* _TO DO_:
Only the lines below between the one holding "HomeFrancobolliAntichi StatiPontificioII Em." and the one holding "- Sleek & Durable", inclusive, are to be reproduced word for word; the pictures are to be left out.

* _EXTRACTED ENTRIES_:

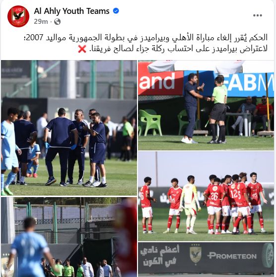 وكتبت الصفحة الرسمية لشباب الأهلي في منشور لها: "الحكم يُقرر إلغاء مباراة الأهلي وبيراميدز في بطولة الجمهورية مواليد 2007؛ لاعتراض بيراميدز على احتساب ركلة جزاء لصالح فريقنا".
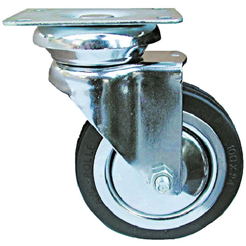 IN GOMMA NERA, CON PARAFILI E FLANGE IN ACCIAIO STAMPATO, ROTANTE SU CUSCINETTI A SFERA. PIASTRA GIREVOLE. ESECUZIONE: CROMATA.ø 60 PIASTRA MM 64 X 50
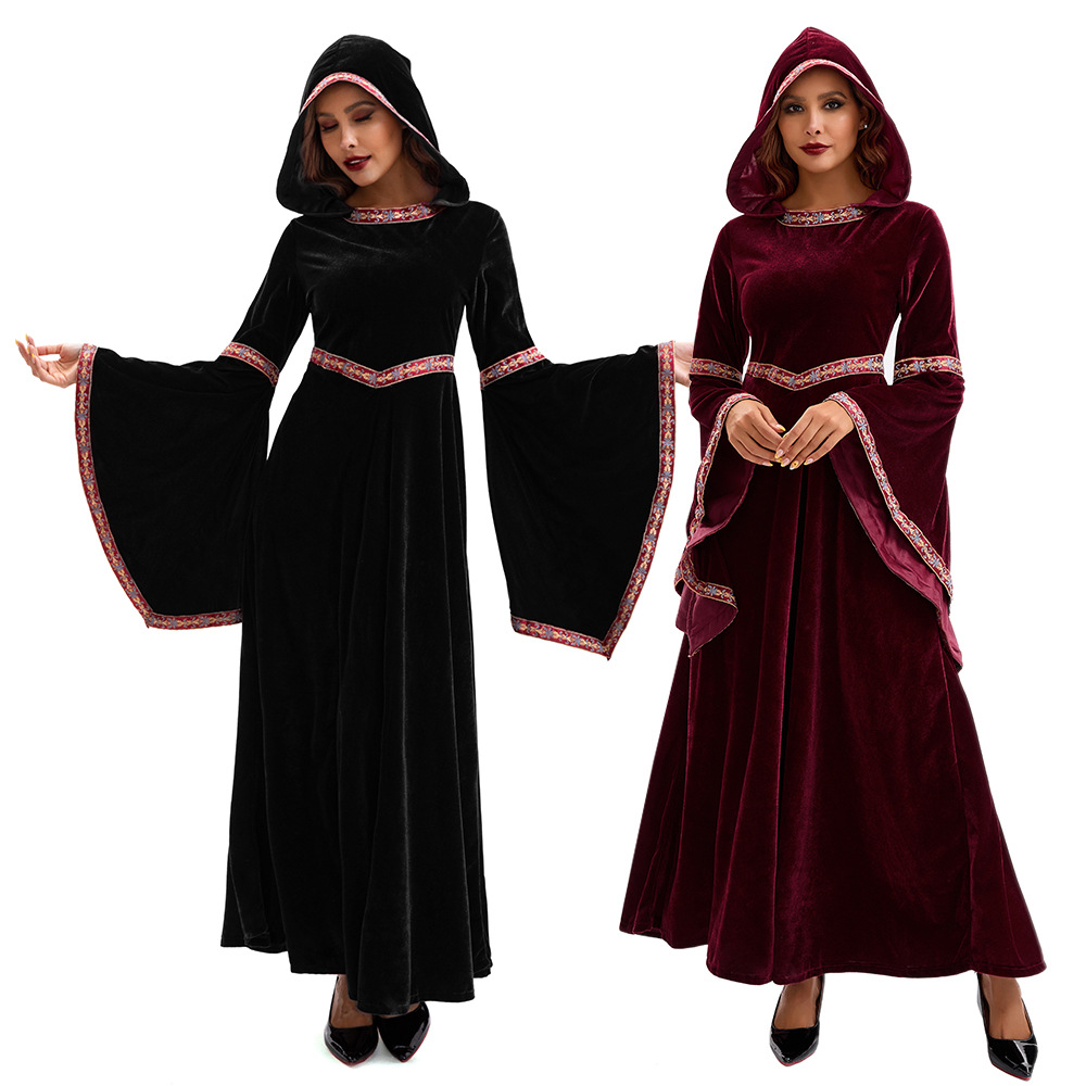 Pakaian Pertunjukan Anak dan Anak Halloween Pakaian Pesta Anak Perempuan Pakaian Pertunjukan Vampir Merah Anggur Abad Pertengahan Gaya Eropa Dewasa
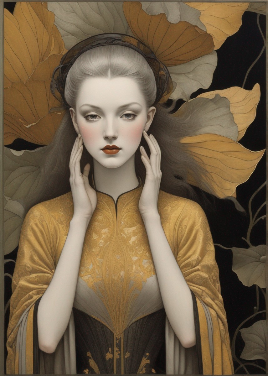 An artwork featuring a pale woman with red lips, wearing a golden headdress and dress, surrounded by large leaves.
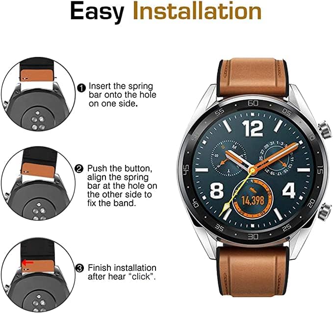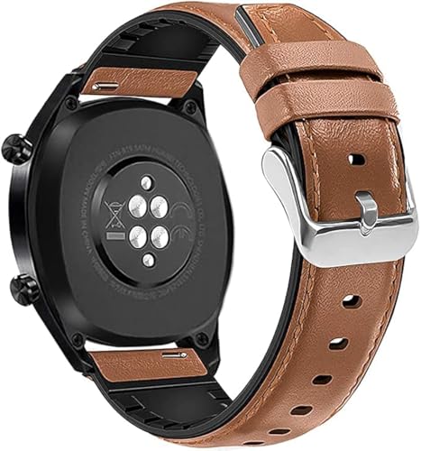 Mobilic - سوار ساعة من الجلد الطبيعي والسيليكون سريع الفك موبيليك متوافق مع هواوي Gt-Gt2 مقاس 46 ملم لسامسونج جالاكسي ماجيك - ووتش برو 22 بني للجنسين
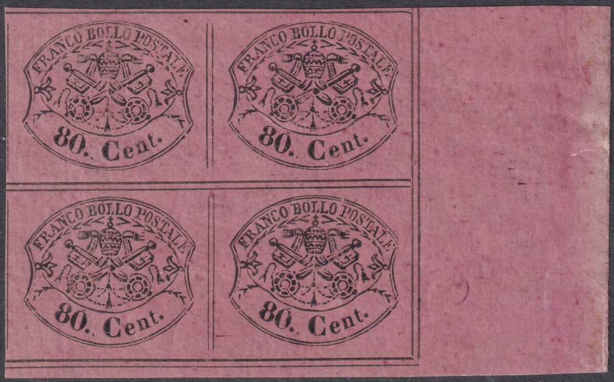 HomeFrancobolliAntichi StatiPontificioII Em. 80 c. verde giallo Quartina grandi margini Adf MNH**/MLH* f. Chiav. – Sassone n.20
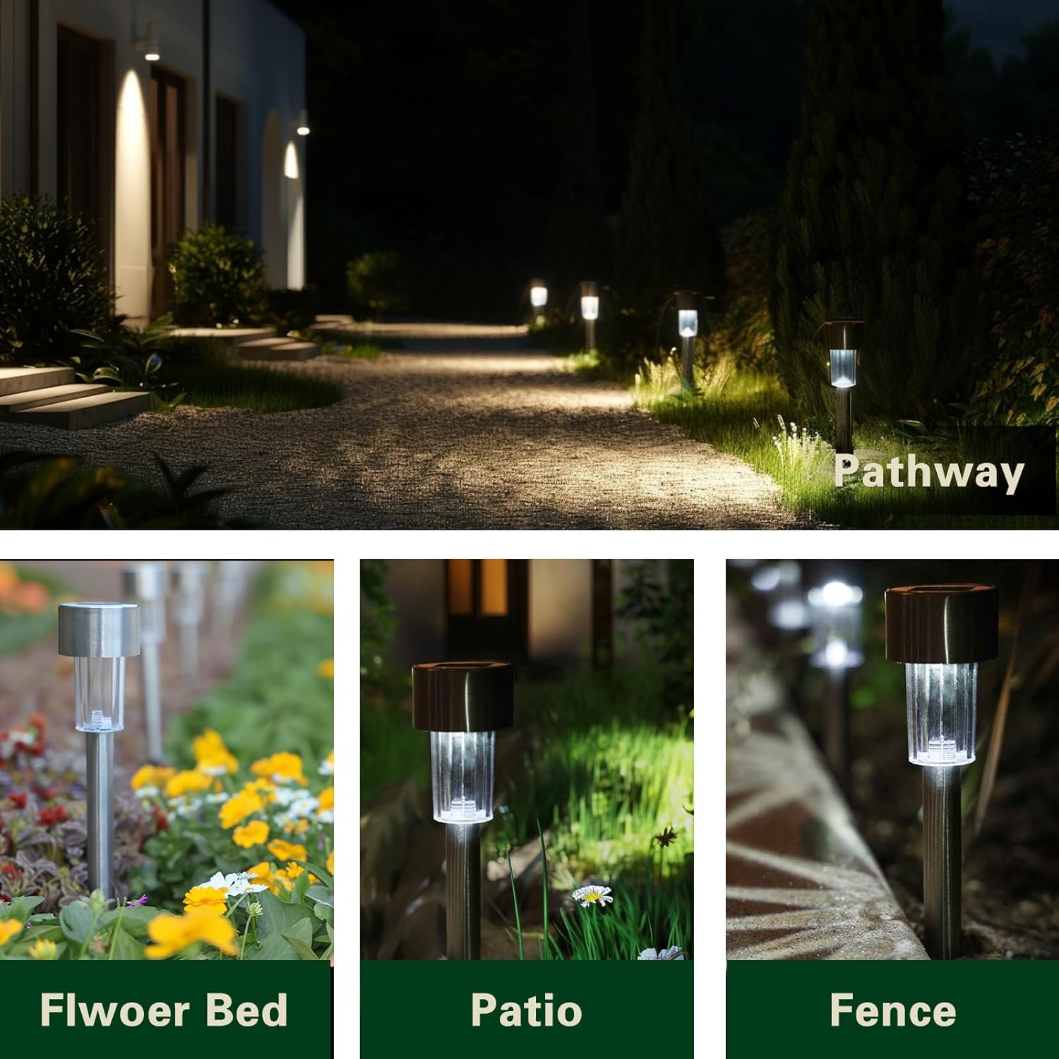 - Sleek & Durable Stainless Steel Design These 1.85" diameter × 12.2" height solar lights feature a modern stainless steel body—rust-proof, weather-resistant, and perfect for lining pathways, garden borders, or driveways. The 8-pack lets you illuminate large areas with minimalist elegance.
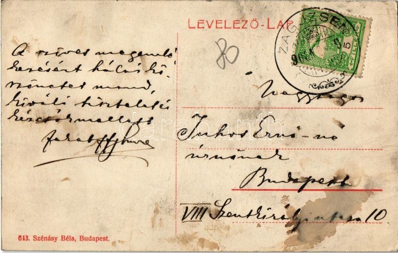 1908 Zaguzsén, Zagujeni; Jakabffy Imre kastélya és saját levele a hátoldalon. 643. Szénásy Béla kiadása / villa, castle. Letter of the owner on the backside (fl)
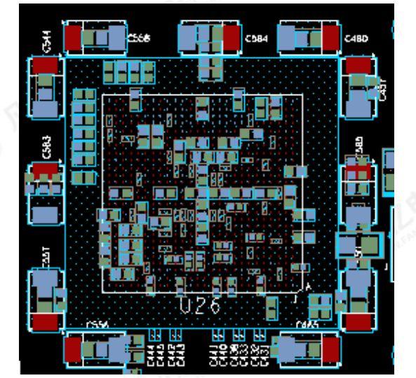 6)BGA器件的電源濾波電容背面布局,盡量靠近相應(yīng)的電源管腳布局,布局在BGA的兩相鄰焊盤的對(duì)稱中心上,(部分客戶要求:不要蓋住BGA的焊盤,避免作X射線檢測時(shí)照射不到BGA的焊盤)。如圖1-6所示。
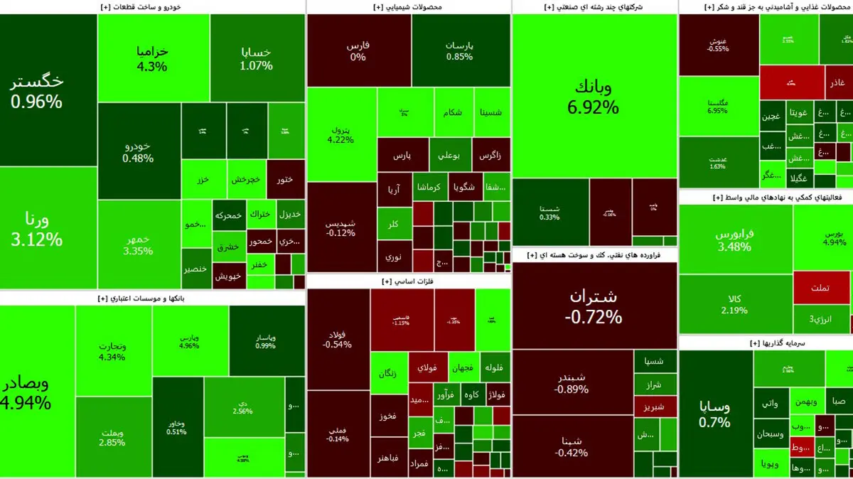 نمادهای وبانک، حکشتی، وبملت، وپارس و وبصادر بیشترین اثر مثبت و نمادهای شتران و شبندر بیشترین اثر منفی را بر بورس امروز گذاشتند.
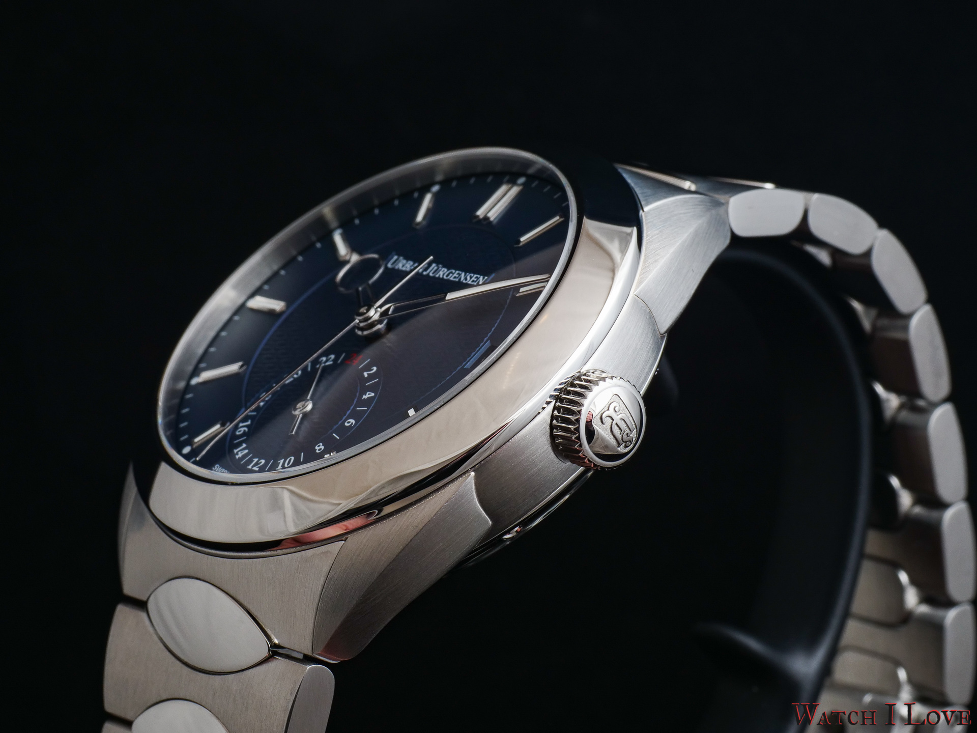 The case fits an elegant crown. This is decorated with the Urban Jürgensen logo. The watch is easy to set and wind. A very pleasant experience.
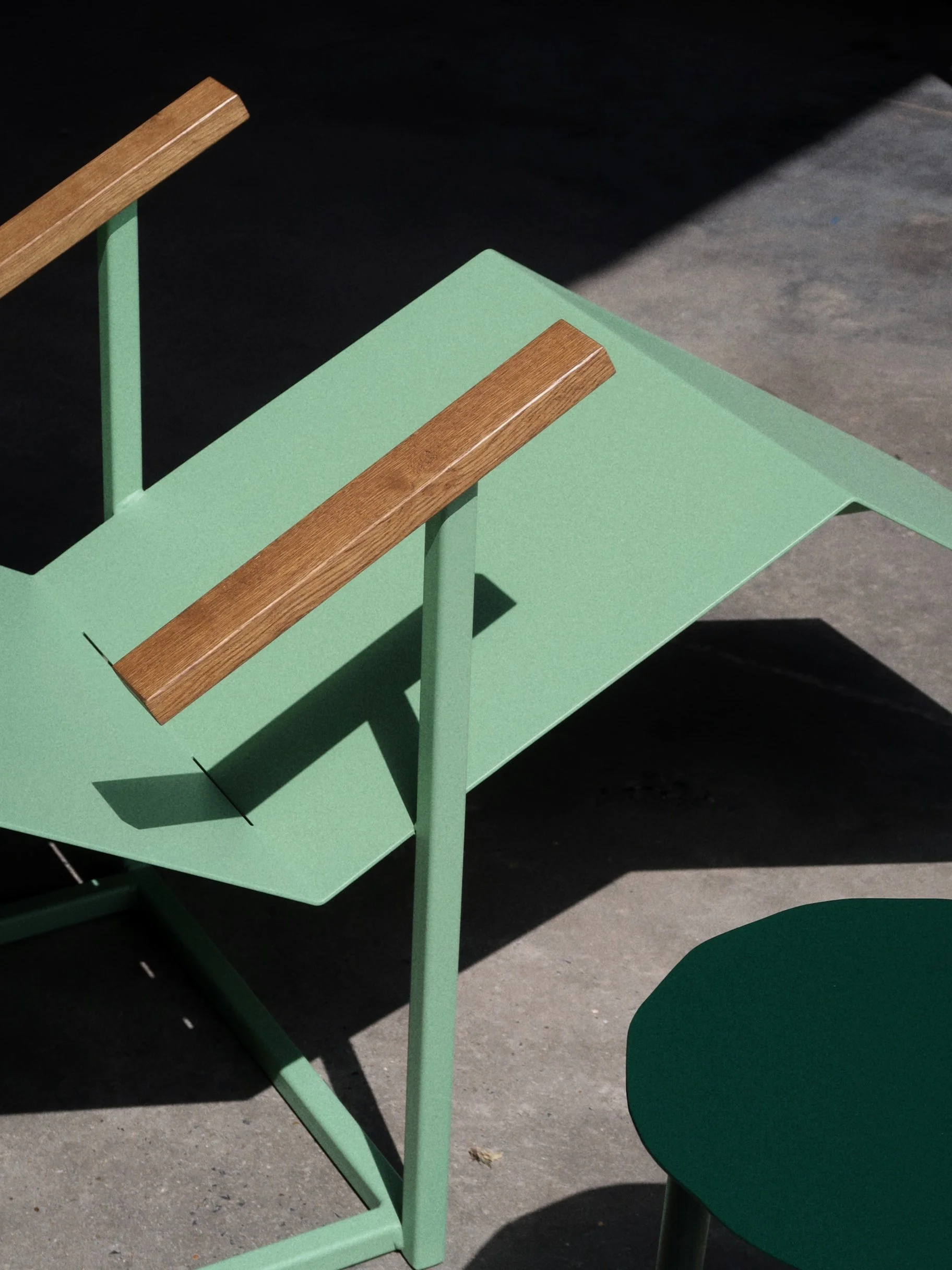 Gepoederlakt staal, eik.
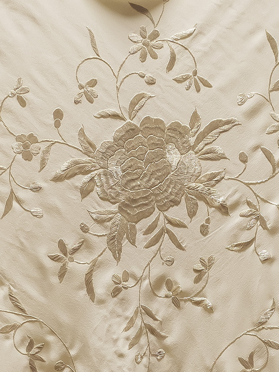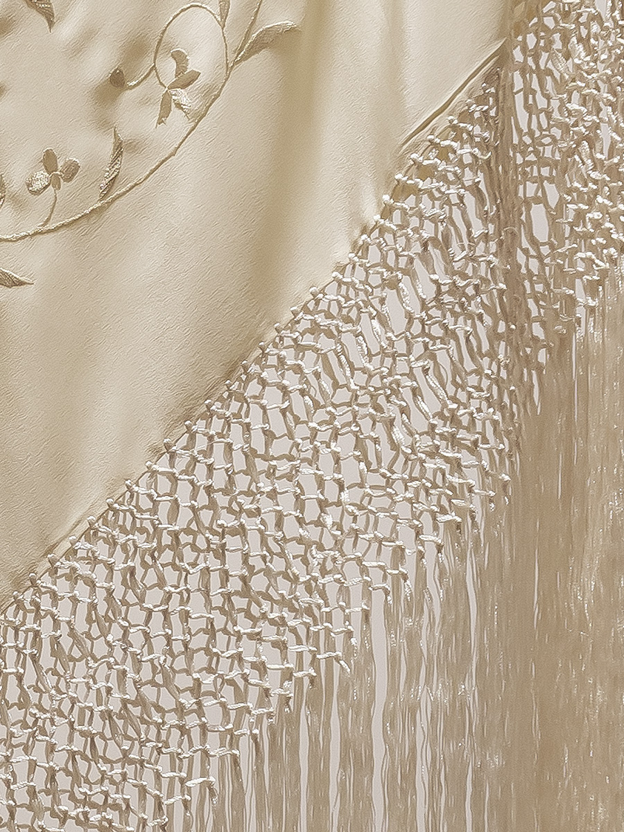 La mayoría de nuestros mantones de seda natural, un tejido suave, ligero y con un brillo natural, bordados y con flecos anudados a mano durante semanas o incluso meses como se hacía antes, por nuestros maestros artesanos de tercera generación.
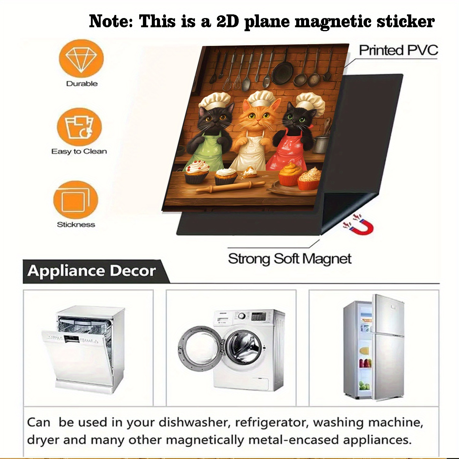 Набор украшений для двери посудомоечной машины с 2D изображением плоской кошки, водонепроницаемый, мягкий, легкий в установке
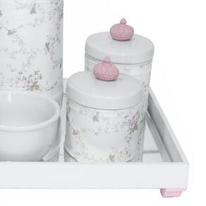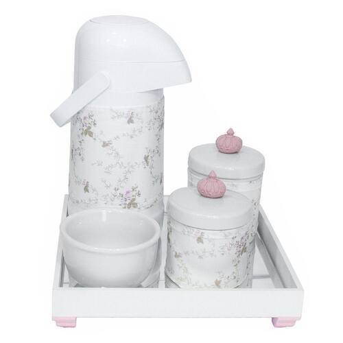 Aposte nesse kit higiene que foi desenvolvido para facilitar a vida das mamães e papais na hora de higienizar o bebê Produzido com materiais de alta qualidade, o kit conta com bandeja espelhada e porcelana de qualidade. Além disso, é um lindo item decorativo que irá encantar a todos Dados TécnicosKit higiene com bandeja de MDF em pintura branca com detalhe rosa, fundo de espelho e decoração com resinas de Coroa rosa nas tampas dos potes com capas. Itens Inclusos no Kit01 Bandeja com espelho01 Garrafa Térmica - Marca Termolar - modelo Magic Pump - 500 ml01 Pote grande em porcelana branca com tampa01 Pote pequeno em porcelana branca com tampa01 Molhadeira em porcelana branca01 Conjunto de 3 capas em tecido e tiras aderentes para garrafa térmica, pote grande e pote pequeno MedidasBandeja: 25 cm de largura, 25 cm de comprimento e 4,5 cm de alturaGarrafa Térmica: 11 cm de diâmetro e 25 cm de alturaPote Grande: 9 cm de diâmetro e 10 cm alturaPote Pequeno: 9 cm de diâmetro e 8,5 cm alturaMolhadeira: 10,5 cm de diâmetro e 6,5 cm de altura
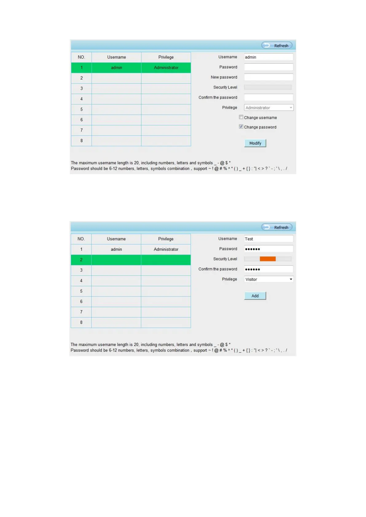 Select one blank column, then enter the new user name, password and privilege, last click Add to take effect.

* _ANSWER SPACE_:
 HomeFrancobolliAntichi StatiPontificioII Em. 80 c. verde giallo Quartina grandi margini Adf MNH**/MLH* f. Chiav. – Sassone n.20
 - Sleek & Durable Stainless Steel Design These 1.85" diameter × 12.2" height solar lights feature a modern stainless steel body—rust-proof, weather-resistant, and perfect for lining pathways, garden borders, or driveways. The 8-pack lets you illuminate large areas with minimalist elegance.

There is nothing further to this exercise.